:: WHAT TO DO ::
Scan the records below for the line containing "[파일] - [다른 이름으로 저장] - [JPEG 그림]을 선택한다." and the line containing "Worthaufen Nummer Fünf!". Copy both, plus every line between, exactly.

:: DATA PROVIDED ::
****************

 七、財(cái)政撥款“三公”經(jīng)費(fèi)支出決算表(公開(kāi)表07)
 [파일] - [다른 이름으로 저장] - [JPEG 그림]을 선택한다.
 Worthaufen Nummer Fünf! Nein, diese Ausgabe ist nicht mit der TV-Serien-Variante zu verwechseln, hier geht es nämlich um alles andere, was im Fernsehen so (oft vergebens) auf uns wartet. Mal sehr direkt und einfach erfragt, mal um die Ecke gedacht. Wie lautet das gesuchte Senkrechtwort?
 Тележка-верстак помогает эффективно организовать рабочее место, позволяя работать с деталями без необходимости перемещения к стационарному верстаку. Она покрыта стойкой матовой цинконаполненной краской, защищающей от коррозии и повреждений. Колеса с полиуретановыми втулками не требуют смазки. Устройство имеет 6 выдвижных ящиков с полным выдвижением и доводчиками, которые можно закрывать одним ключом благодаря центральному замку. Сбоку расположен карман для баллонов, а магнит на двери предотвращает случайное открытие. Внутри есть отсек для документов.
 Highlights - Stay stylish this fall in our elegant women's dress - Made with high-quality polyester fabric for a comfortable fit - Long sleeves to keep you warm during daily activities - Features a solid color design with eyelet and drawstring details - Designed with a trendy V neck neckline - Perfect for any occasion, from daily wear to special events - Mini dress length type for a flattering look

****************

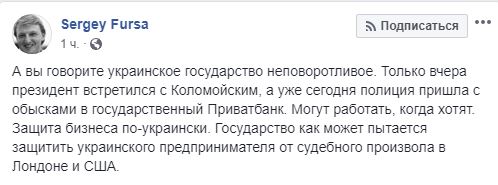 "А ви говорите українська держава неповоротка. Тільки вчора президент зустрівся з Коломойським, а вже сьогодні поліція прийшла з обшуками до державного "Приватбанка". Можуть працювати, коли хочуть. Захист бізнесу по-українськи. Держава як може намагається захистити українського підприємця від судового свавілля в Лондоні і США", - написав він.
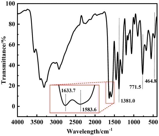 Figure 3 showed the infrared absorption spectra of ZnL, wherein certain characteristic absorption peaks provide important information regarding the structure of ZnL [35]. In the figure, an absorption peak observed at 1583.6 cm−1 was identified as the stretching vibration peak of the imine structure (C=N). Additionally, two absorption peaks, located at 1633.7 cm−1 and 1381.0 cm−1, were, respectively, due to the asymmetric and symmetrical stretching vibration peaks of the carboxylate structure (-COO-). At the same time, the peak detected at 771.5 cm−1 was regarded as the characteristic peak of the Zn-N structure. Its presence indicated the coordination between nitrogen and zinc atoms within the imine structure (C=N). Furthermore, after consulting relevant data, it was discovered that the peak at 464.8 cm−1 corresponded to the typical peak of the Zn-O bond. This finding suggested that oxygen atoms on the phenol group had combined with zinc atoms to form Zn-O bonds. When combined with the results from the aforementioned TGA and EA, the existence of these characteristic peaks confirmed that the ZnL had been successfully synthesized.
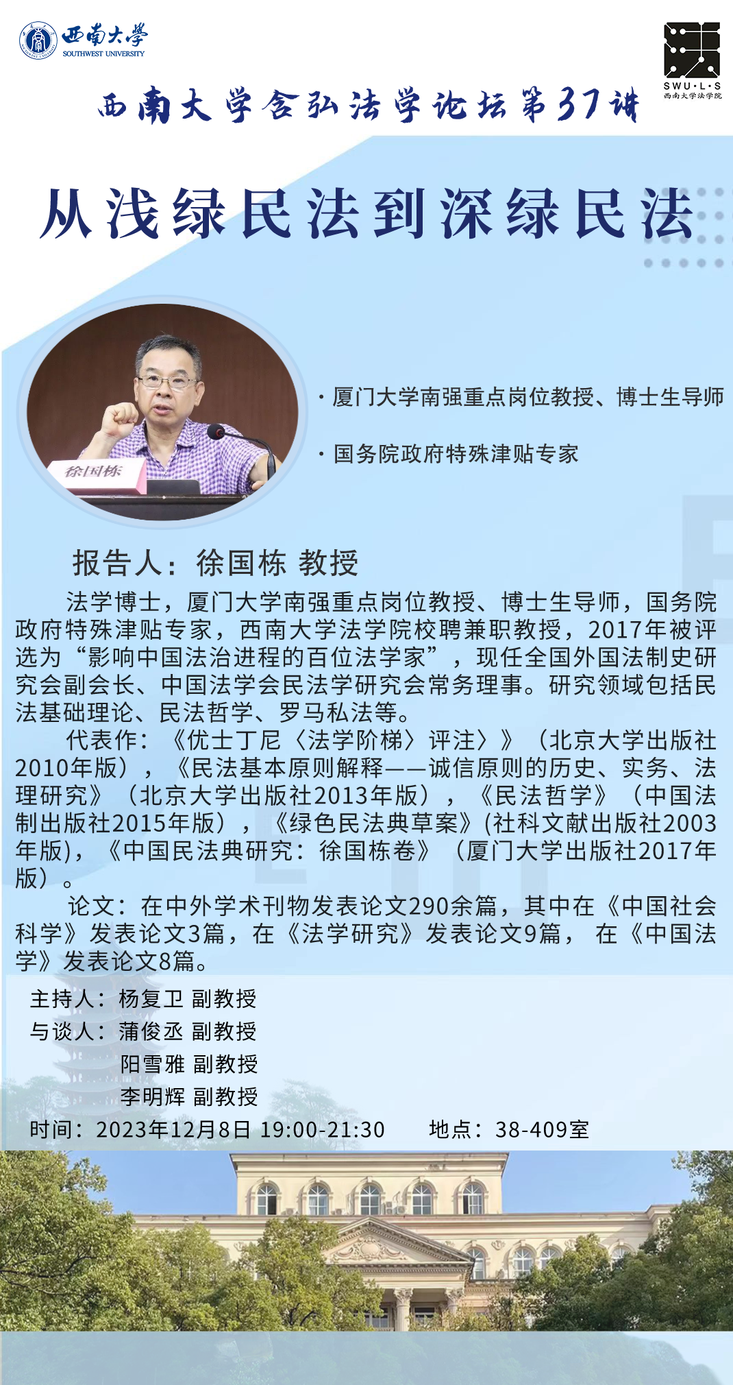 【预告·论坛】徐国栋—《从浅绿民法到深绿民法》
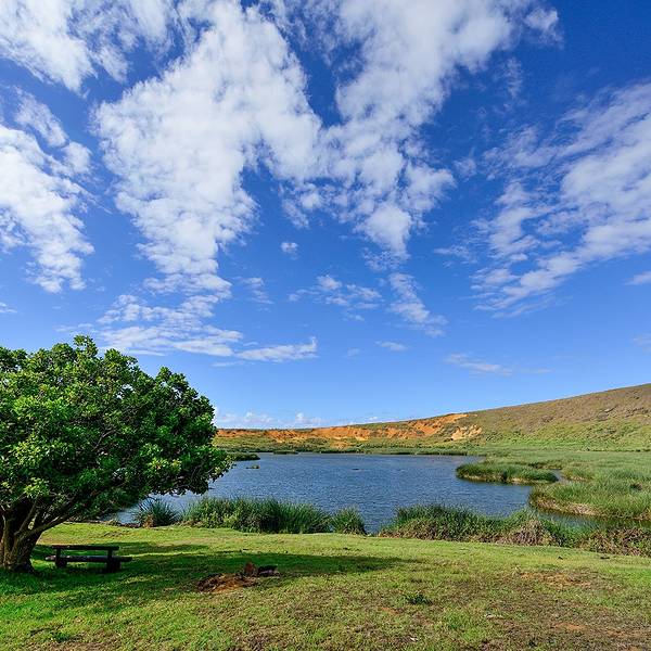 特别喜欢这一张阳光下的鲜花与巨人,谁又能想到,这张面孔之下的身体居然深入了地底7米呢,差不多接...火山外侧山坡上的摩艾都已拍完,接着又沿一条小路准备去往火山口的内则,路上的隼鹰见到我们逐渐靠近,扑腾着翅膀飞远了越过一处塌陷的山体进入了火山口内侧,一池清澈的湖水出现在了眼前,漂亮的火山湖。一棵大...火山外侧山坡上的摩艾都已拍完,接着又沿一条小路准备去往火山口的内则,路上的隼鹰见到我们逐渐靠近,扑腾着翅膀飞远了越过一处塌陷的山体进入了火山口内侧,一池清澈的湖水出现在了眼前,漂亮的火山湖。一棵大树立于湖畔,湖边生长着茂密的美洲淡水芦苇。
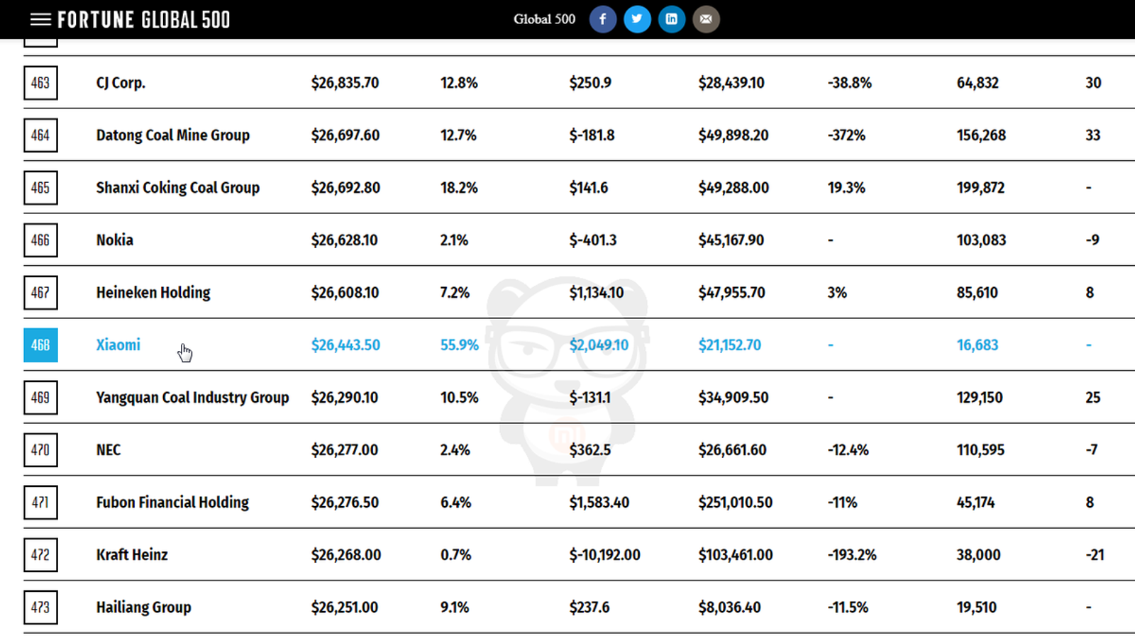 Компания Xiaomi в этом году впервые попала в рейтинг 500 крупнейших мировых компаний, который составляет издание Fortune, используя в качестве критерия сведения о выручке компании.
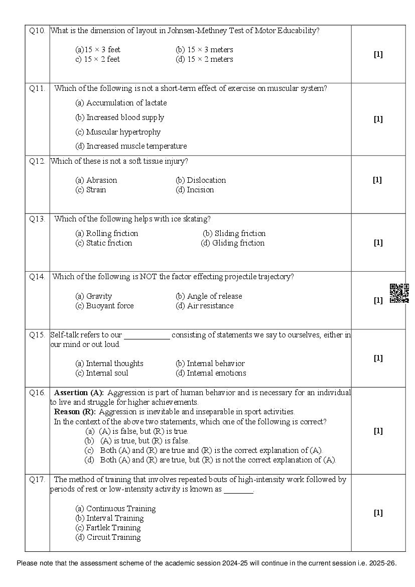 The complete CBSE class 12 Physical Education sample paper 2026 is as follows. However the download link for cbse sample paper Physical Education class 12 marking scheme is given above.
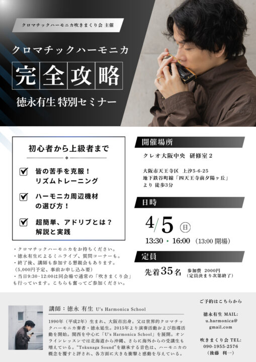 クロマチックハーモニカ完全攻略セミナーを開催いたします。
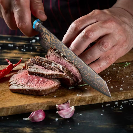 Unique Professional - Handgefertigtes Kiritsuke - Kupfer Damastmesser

****************

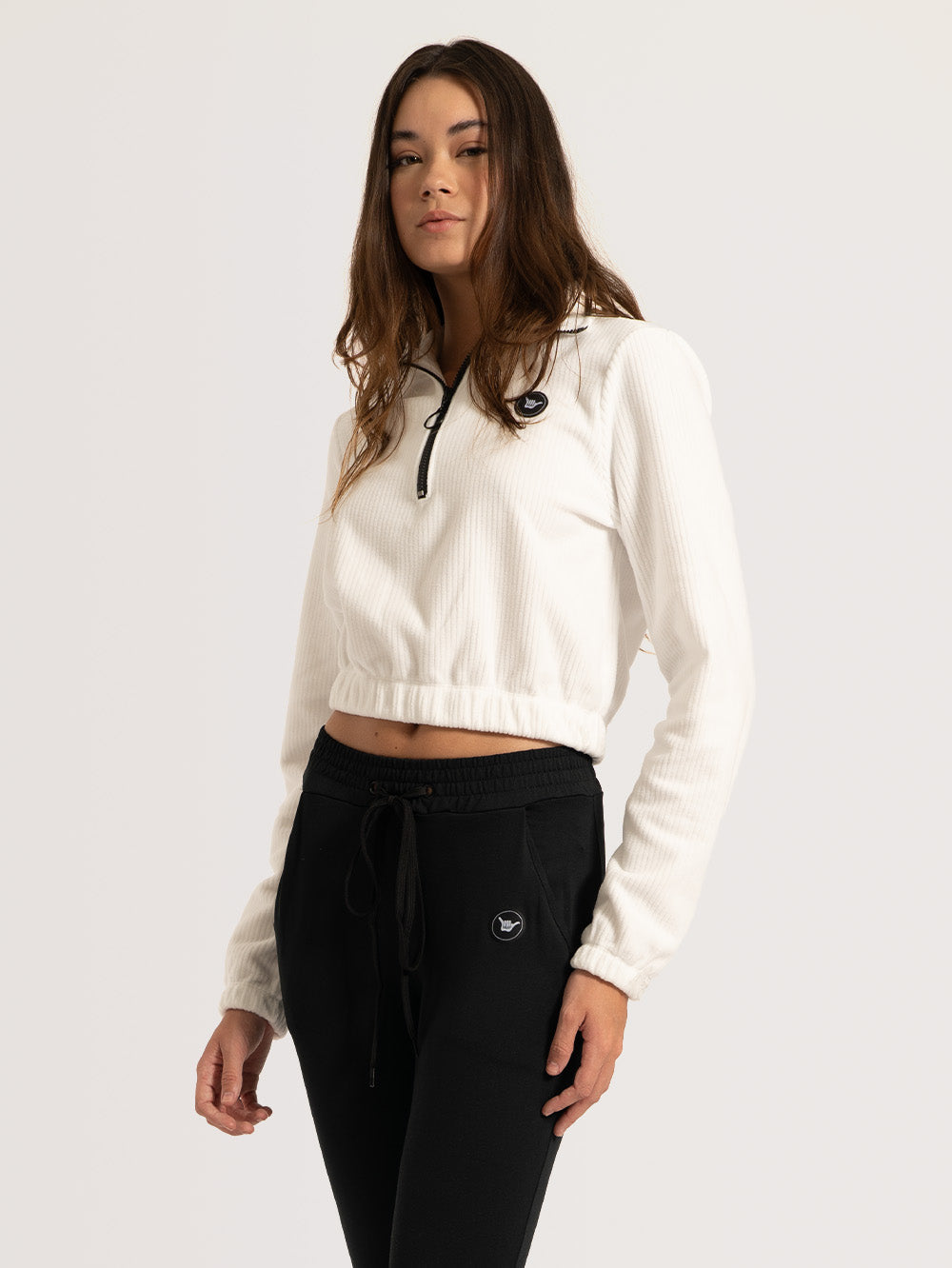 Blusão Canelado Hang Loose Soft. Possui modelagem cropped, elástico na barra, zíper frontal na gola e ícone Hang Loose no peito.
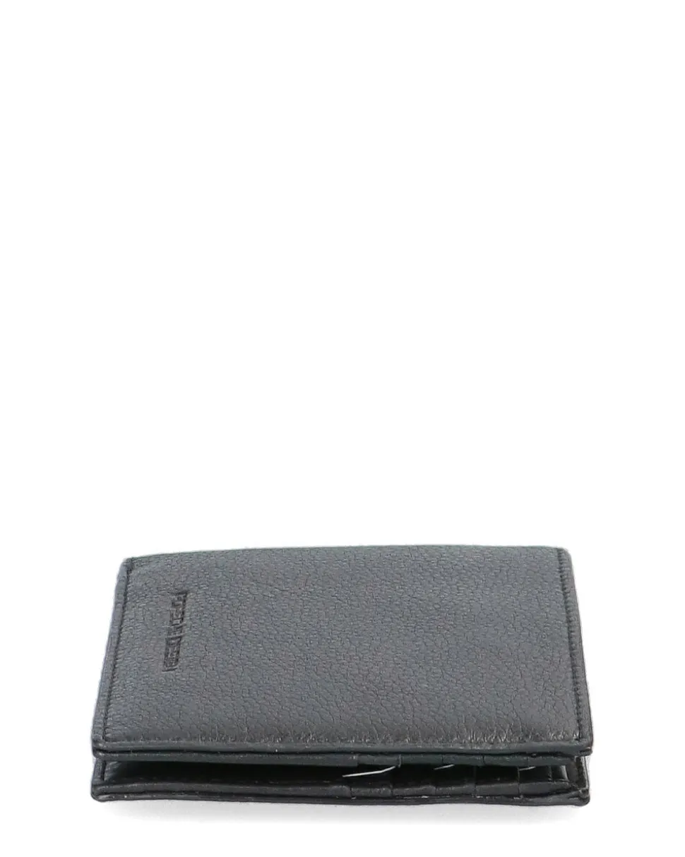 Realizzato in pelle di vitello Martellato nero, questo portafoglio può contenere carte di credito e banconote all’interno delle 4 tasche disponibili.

****************

:: FINISHED TASK ::
 [파일] - [다른 이름으로 저장] - [JPEG 그림]을 선택한다.
 Worthaufen Nummer Fünf! Nein, diese Ausgabe ist nicht mit der TV-Serien-Variante zu verwechseln, hier geht es nämlich um alles andere, was im Fernsehen so (oft vergebens) auf uns wartet. Mal sehr direkt und einfach erfragt, mal um die Ecke gedacht. Wie lautet das gesuchte Senkrechtwort?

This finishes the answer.